В этом году отмечался небывало широкий приток молодежи в наш институт. На каждое место приходилось свыше семи претендентов. Огромное количество поступающих – прямой результат постоянной заботы партии и правительства о воспитании молодого поколения, результат неуклонного роста материального благосостояния и культурного уровня населения нашей страны.
Следует с удовлетворением отметить улучшение качественного состава приема. Наши первокурсники – это не только вчерашние школьники. Ряд новых студентов пришли к нам после длительного и зачастую тяжелого пути самостоятельной работы. Эти люди сочетали полноценную производственную работу на благо Родины с упорной учебой. У многих из них за спиной служба в рядах доблестной Советской Армии. Почти все поступившие – члены ВЛКСМ. Среди них много комсомольских активистов.
Хочется пожелать тебе, молодой человек, впервые переступивший порог нашего славного института, чтобы все твои помыслы и силы были посвящены наиболее полно и с наибольшей пользой делу освоения высот отечественной медицинской науки, делу воспитания из себя настоящего советского врача. С каждым годом ближе светлое царство коммунизма. Борьба за здорового и счастливого советского человека – залог его скорейшего торжества. И эта борьба предстоит тебе, представителю молодого поколения медицины, ты должен одержать в этой борьбе победу. Будь достоин своей высокой задачи!»
В подборке «Учебный год начался» имелась статья доцента кафедры философии Козла «Наши насущные задачи». Доцент отнесся к работе халтурно и ограничился пересказом цитат из центральной прессы, не связав установки с конкретной жизнью института:
«Как видно из директив XIX съезда КПСС, материалов пятой сессии Верховного Совета СССР и речи на сессии Г. М. Маленкова, вопросу дальнейшего улучшения медицинского обслуживания населения уделяется много внимания. Большие задачи по выполнению директив съезда стоят перед нашим институтом. Дирекция и партийная организация должны неуклонно соблюдать партийные принципы подготовки врачебных кадров по их деловым и политическим качествам. Решение поставленных задач может быть достигнуто лишь на основе широкого развития критики и самокритики, мобилизации всех наших сил на выполнение указаний товарища Маленкова.
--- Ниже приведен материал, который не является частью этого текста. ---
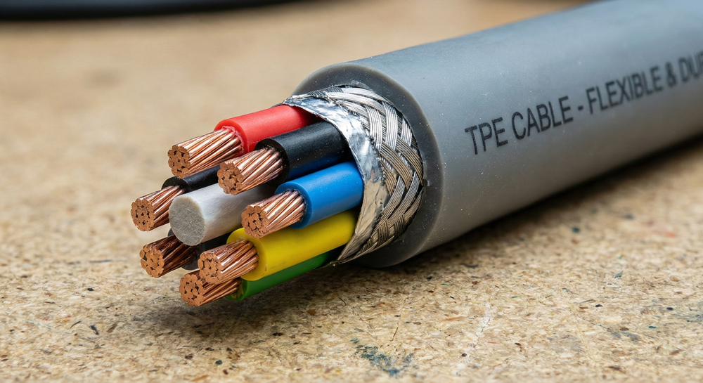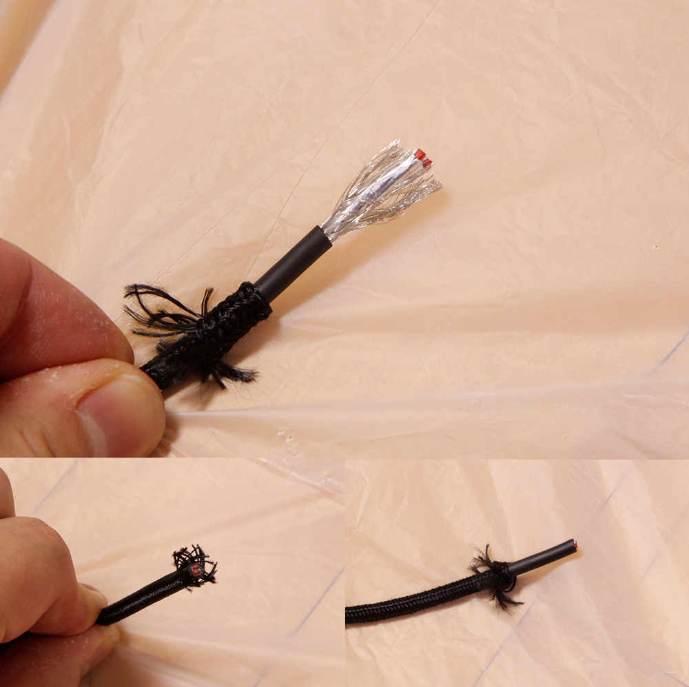 아트뮤 플렉스 PD Type C to C 100W 충전 케이블(1.2m)의 내부는 두꺼운 TPE 소재로 1차 마감이 되어 있으며, 케이블 보호를 위해 매시 와이어 실드와 알루미늄 실드가 추가로 사용되었다. 또한, 케이블 보호를 위한 그라운드 와이어 1가닥이 있으며, 전력 전송을 위한 일반 케이블은 6가닥으로 구성되어 있는 것을 확인할 수 있습니다.
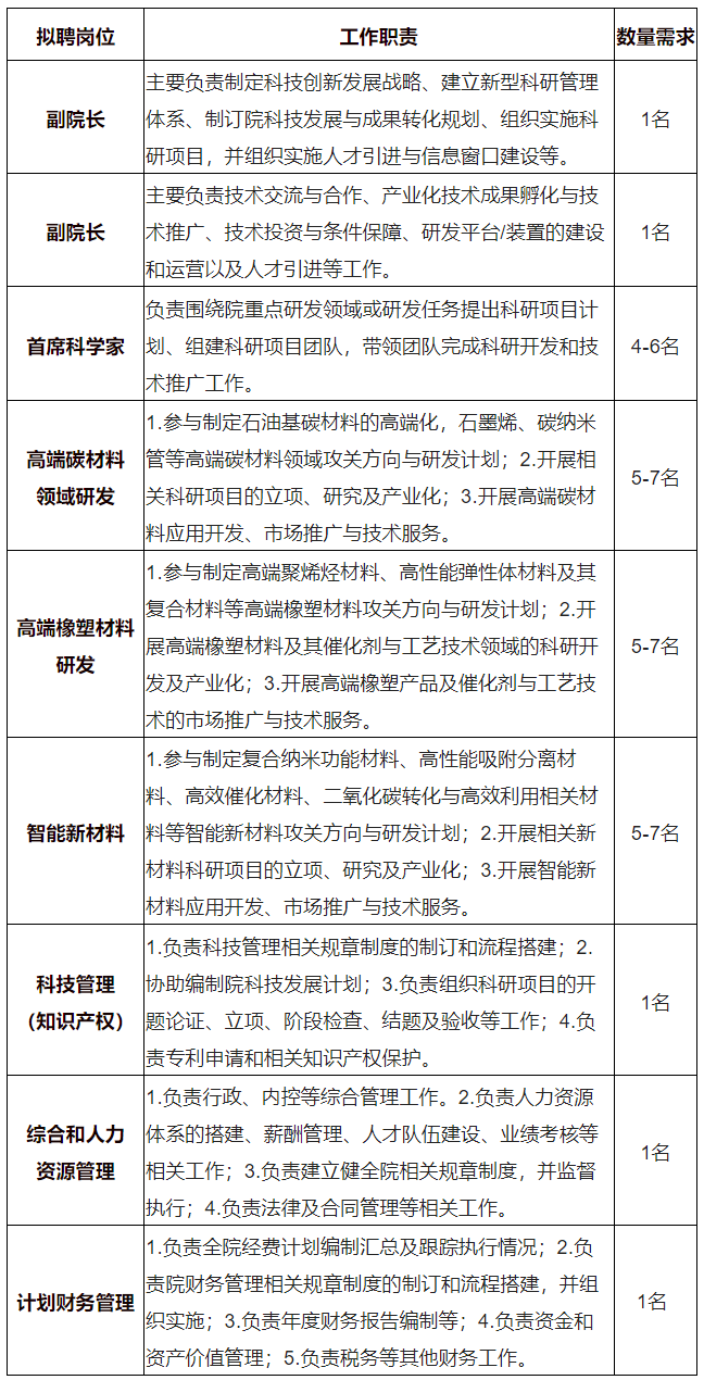 专业技术人员若干名。主要从事高端碳材料、高端橡塑材料、智能新材料等领域研究开发与应用推广的相关技术人员。 -
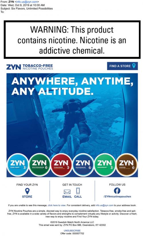 Email from ZYN in October 2019 that promotes their nicotine pouches in various flavors. Provides links to find stores or follow the brand on social media.
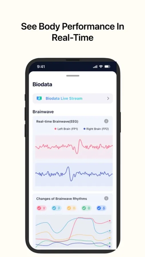The real-time data matters when you are doing meditation, while rich biodata reports after practice are also crucial to measuring your practice every time and insights into your progress. The sensors passively sense your brain and heart activities, and the app translates them into visualized graphs of your body performance. You will be eager to see how well you perform after you practice.

Воспитание молодежи должно постоянно находиться в поле зрения партийной организации. Известно, что всякое ослабление влияния социалистической идеологии означает влияние идеологии буржуазной. Там, где слаба идеологическая работа, создаются условия для проникновения тлетворного влияния Запада. Это приводит к снижению идейного уровня подготовки студентов. Мы обязаны усилить работу в среде новобранцев института, повседневно воспитывать их в духе коммунизма, идейно закалять их!» Как он собирается решать поставленные задачи, Козел не сообщил.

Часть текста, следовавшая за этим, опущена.